Aussi frustrant que soient les éditeurs sur cette question, il y a de bonnes nouvelles. Beaucoup commencent à réaliser que certaines de leurs pratiques draconiennes leur font du mal au lieu de les aider. Prenez la pratique du « fenêtrage » où un éditeur attend quelques mois ou quelques années avant de mettre de nouveaux titres à la disposition des bibliothèques. L’idée originale était que cela obligerait les gens qui voulaient vraiment lire un livre à l’acheter au lieu d’attendre. Au lieu de cela, cela a simplement conduit à davantage de piratage. Pour cette raison, cette pratique est en voie de disparition.
Il est clair que les éditeurs sont toujours motivés par la peur du piratage, tout comme l’industrie de la musique l’était et l’industrie du cinéma et de la télévision l’est aujourd’hui. Et même s’il y a toujours des paroles en l’air sur l’idée de ne pas commettre la même erreur que l’industrie musicale l'industrie du livre semble suivre une voie similaire: traiter ses clients comme des criminels ou des criminels potentiels. les criminels. C’est imprudent à plusieurs niveaux, mais particulièrement lorsqu’il s’agit de bibliothèques. Les gens empruntent des livres électroniques dans les bibliothèques parce qu’ils veulent faire le bon choix et s’engagent à respecter les règles. Pourquoi voudriez-vous aliéner ces lecteurs ?

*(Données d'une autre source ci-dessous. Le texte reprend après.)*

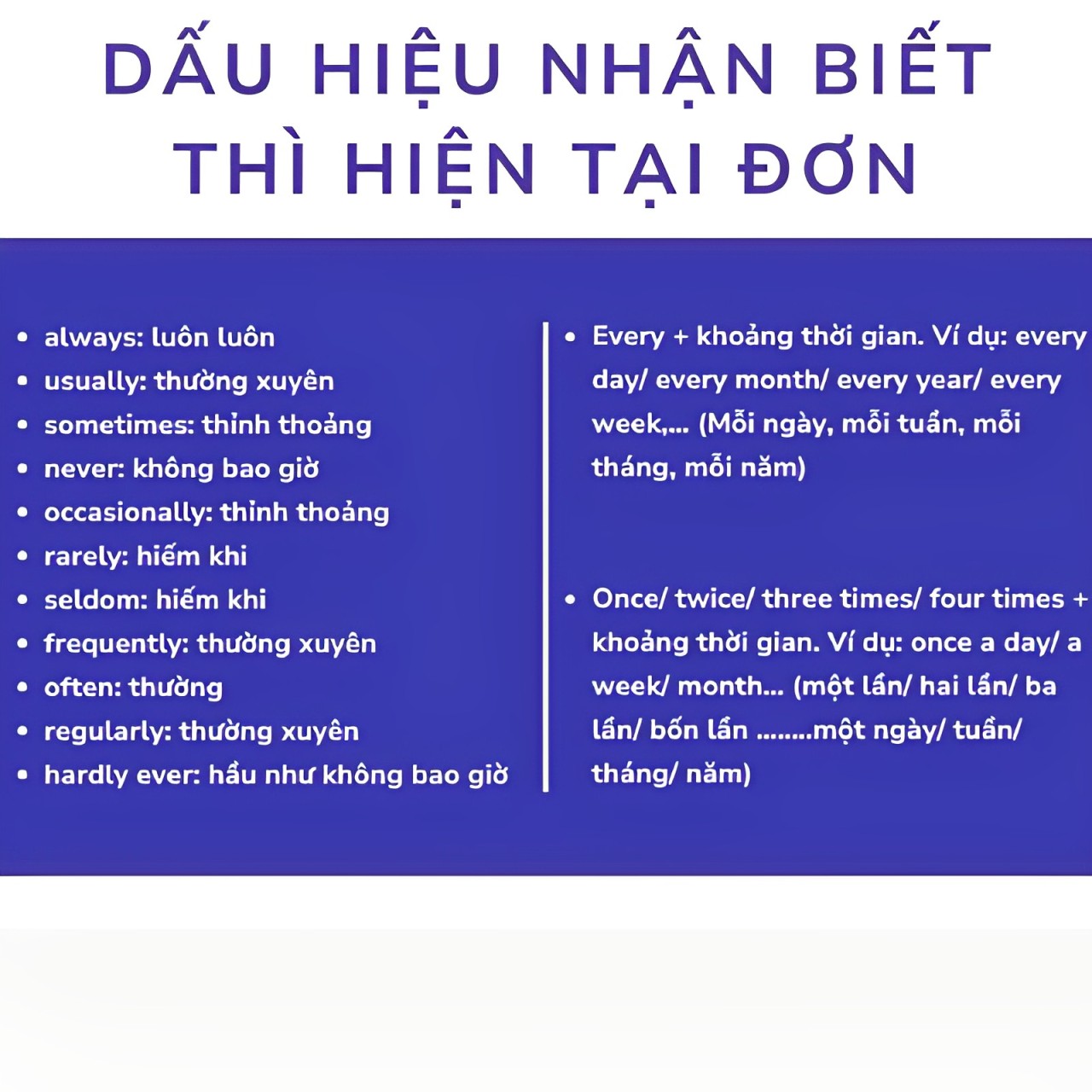 Dấu Hiệu Nhận Biết Thì Hiện Tại Đơn
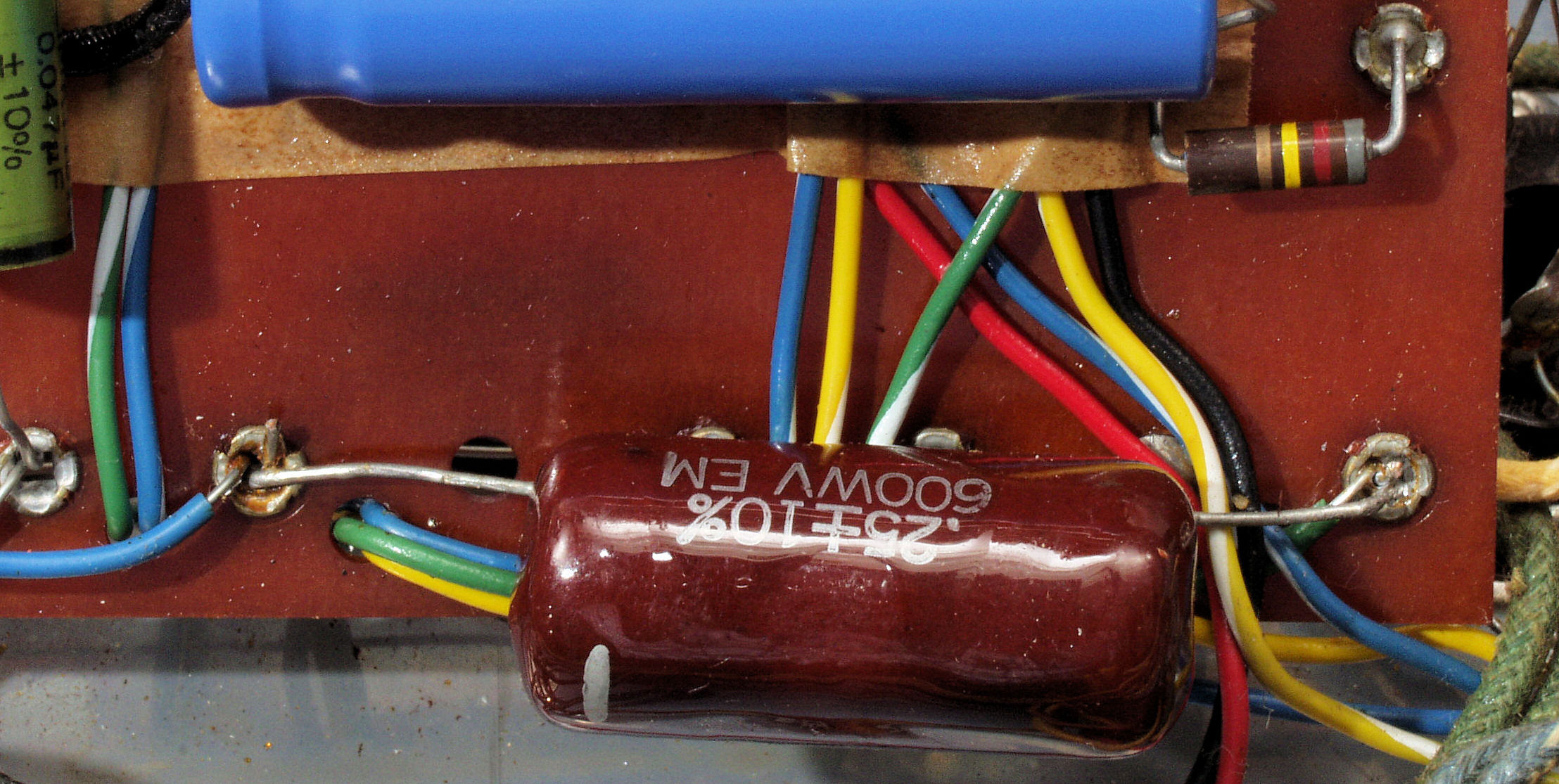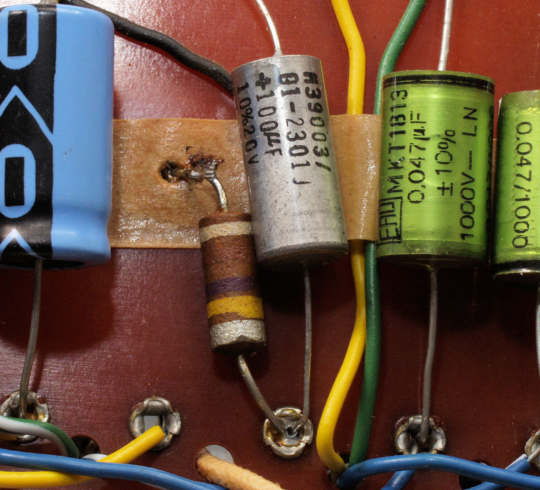 C313. 修理中 交換された電解コンデンサー、前のリード線を取っていない

Demandez à un bibliothécaire
Le prêt de livres électroniques dans les bibliothèques est actuellement un processus aliénant et, sans coopération, il ne sera jamais résolu. Les fabricants de matériel et de logiciels doivent créer des processus plus rationalisés pour chaque appareil, les éditeurs doivent comprendre les aspects techniques du prêt et cessez de vous laisser guider par des peurs irrationnelles, et tout le monde pourrait bénéficier d’une écoute les bibliothécaires. La présidente de l'American Library Association, Maureen Sullivan, qui faisait également partie du panel du BEA, a mis les choses en perspective à la fin du panel :
« …c’est l’exemple classique d’innovation disruptive. Cela provoque beaucoup d’incompréhensions, cela fait apparaître des craintes. … Lorsque nous sommes confrontés à une innovation de rupture, il est beaucoup plus efficace de penser non pas « soit/ou », mais « et ».
Espérons que les industries du livre et de la technologie écouteront.